Materials become insensitive to flaws at nanoscale: lessons from nature

Abstract

Natural materials such as bone, tooth, and nacre are nanocomposites of proteins and minerals with superior strength. Why is the nanometer scale so important to such materials? Can we learn from this to produce superior nanomaterials in the laboratory? These questions motivate the present study where we show that the nanocomposites in nature exhibit a generic mechanical structure in which the nanometer size of mineral particles is selected to ensure optimum strength and maximum tolerance of flaws (robustness). We further show that the widely used engineering concept of stress concentration at flaws is no longer valid for nanomaterial design.

Figure 1

Many hard biological tissues, such as tooth (a), vertebral bone (b), or shells (c) are made of nanocomposites with hard mineral platelets in a soft (protein) matrix. Enamel (d) is made of long, more or less needle-like crystals ≈15–20 nm thick and 1,000 nm long, with a relatively small volume fraction of a soft protein matrix (8, 13). Dentin and bone (e) are made up of plate-like crystals (2–4 nm thick, up to 100 nm long) embedded in a (collagen-rich) protein matrix (12, 14, 15). The volume ratio of mineral to matrix is on the order of 1:2. Nacre (f) is made of plate-like crystals (200–500 nm thick and a few micrometers long) with a very small amount of soft matrix in between (3).
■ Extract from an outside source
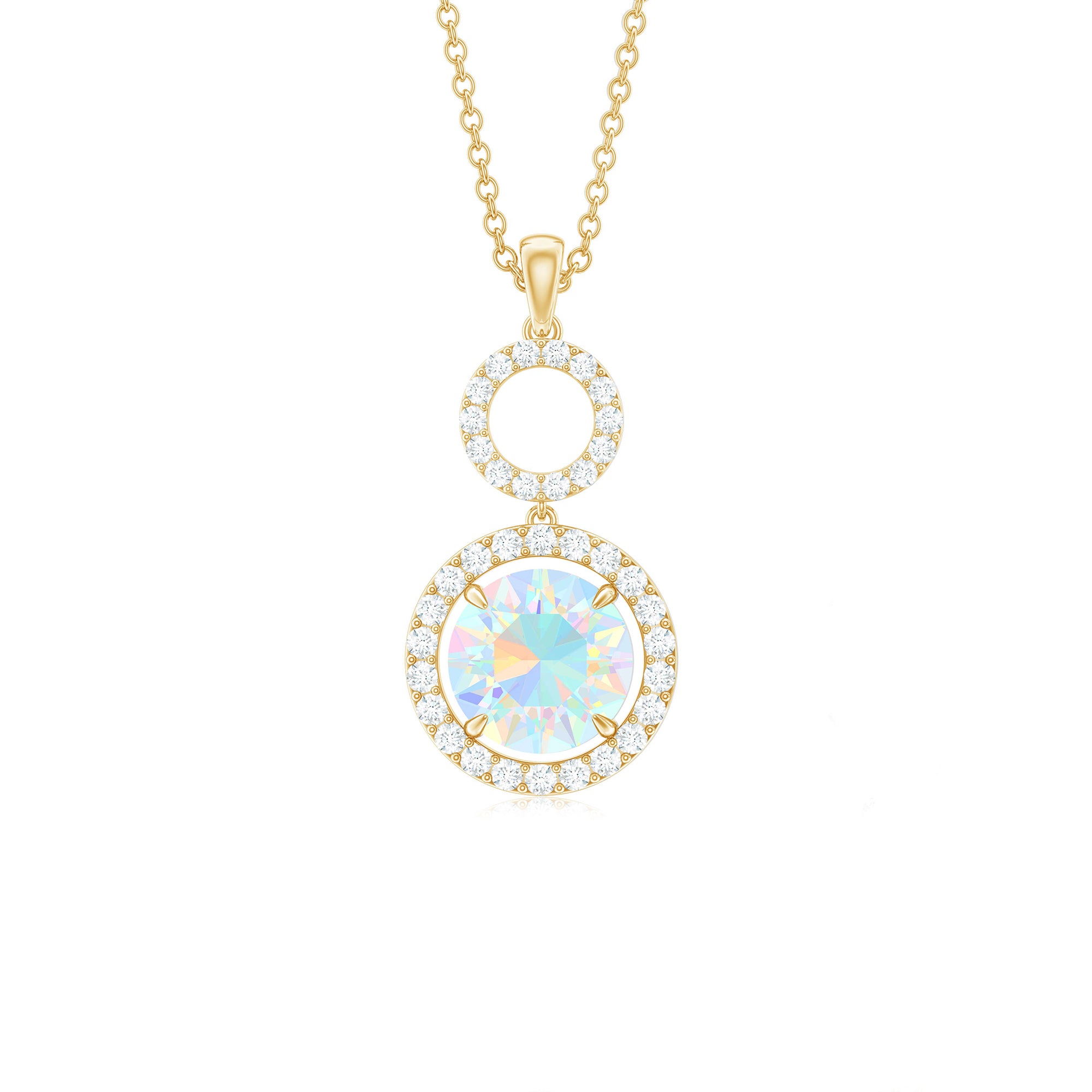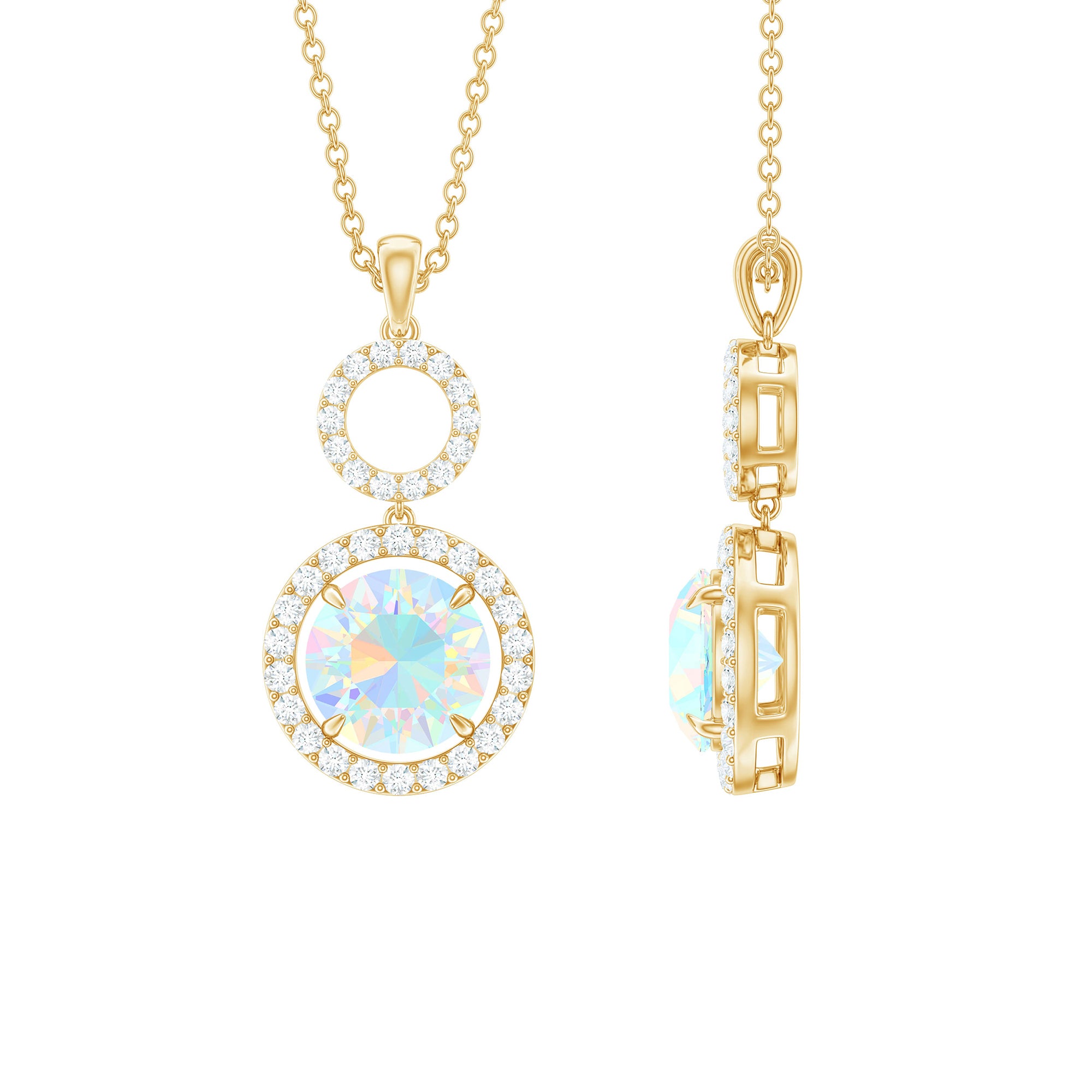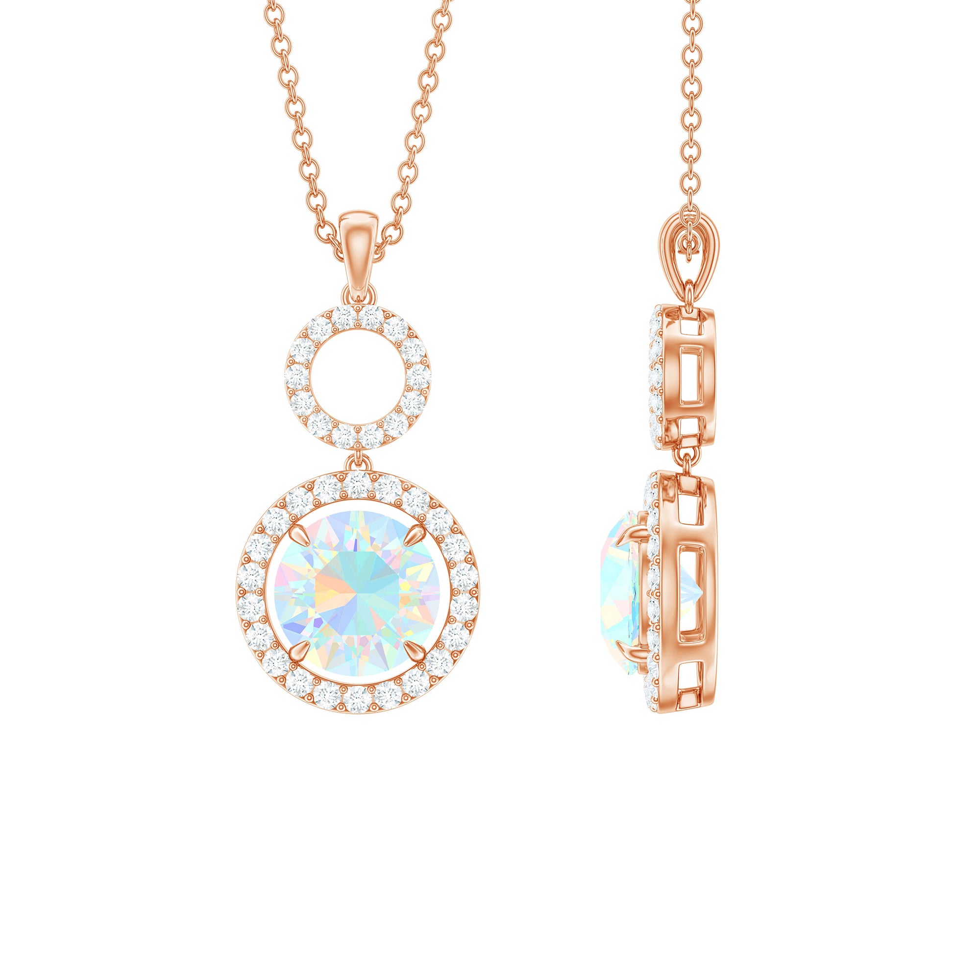 Bring a smile to her face by presenting this beautiful Dangle Pendant Necklace. It is embellished with Round Shape Ethiopian Opal in Claw Setting and more Round Diamonds add a touch of sparkle. This Dangle Pendant will make a pleasant addition to her jewelry collection, something she would always keep close to her heart.

All of the composites share the structural feature of hard platelets with a very large aspect ratio, arranged parallel in a brick-and-mortar-like fashion. An unsolved problem is the question of why these crystals are in the nanometer range.

Figure 2

A model of biocomposites. (a) A schematic diagram of staggered mineral crystals embedded in protein matrix. (b) A simplified model showing the load-carrying structure of the mineral–protein composites. Most of the load is carried by the mineral platelets whereas the protein transfers load via the high shear zones between mineral platelets.

Figure 3

A length scale for optimized fracture strength in mineral platelet. (a) A schematic diagram of mineral platelet with a surface crack. (b) Comparison of the fracture strength of a cracked mineral platelet calculated from the Griffith criterion with the strength of a perfect crystal.

Figure 4

The color map of normal stress σ₂₂ at critical fracture load in a mineral platelet containing a thumbnail crack with depth equal to half of the platelet thickness. The calculation is performed by using a 3D finite element method based on the virtual internal bond model, as the thickness of the mineral platelet decreases toward the critical thickness for optimum fracture strength. At large thicknesses (h/h* = 20,200), the stress concentration at the crack tip significantly reduces the fracture strength σ_f from the theoretical strength σ_th. Near the critical thickness h*, the stress concentration vanishes and the strength approaches the theoretical strength.